Stock photo courtesy of Pixabay.com.

As Alzheimer Awareness Month comes to an end, officials at the Alzheimer Society of Chatham-Kent are reassuring families affected by dementia that there is help.

CEO Brandon Ball says the agency offers a variety of services and programs for those living with the disease so they and their families don’t have to suffer in silence.

“Especially during COVID, so many people sitting at home in silence helping a care partner, it’s exhausting,” Ball says. “We have in-home respite services, we have day programs in Chatham and Wallaceburg, there’s social workers that are on site that to assessments, and we’ve got education always provided throughout the community.”

Attendance at the day program in Wallaceburg has declined over the last year or so coming out of the pandemic, but Ball says the service is there to help those who need it.

“Sending a loved one, a client, to a day program and they get to spend the day having a great social time. They do physical activities and they promote that brain health and those sorts of things that really are very important to anyone going thorough any sort of experience with dementia.”
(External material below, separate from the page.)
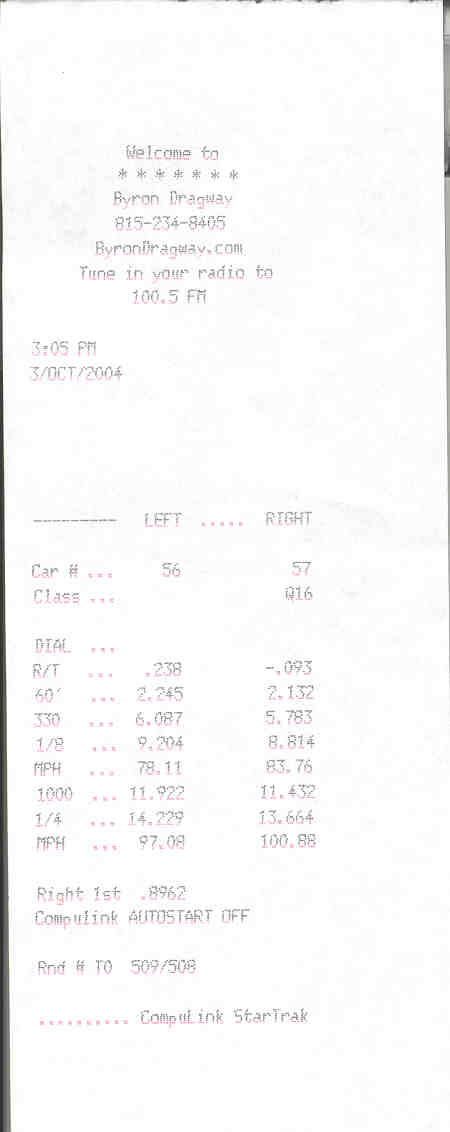 96.7 | '02 Neon ES | 2.0L SOHC 16V | T350 | Radials | Joshua Kolbach | ![]() |

Ball says day programs serve as a much-needed break for caregivers so they can do their regular day-to-day activities without having to worry.

Information on the day program and other services can be found by contacting the Alzheimer Society of Chatham-KentĀ by calling 519-352-1043 or emailing info@alzheimerchathamkent.ca.

Meantime, the Alzheimer Society is preparing for its largest annual fundraiser with the Walk for Alzheimer’s coming up in May. More details on that event will be released in the next few months.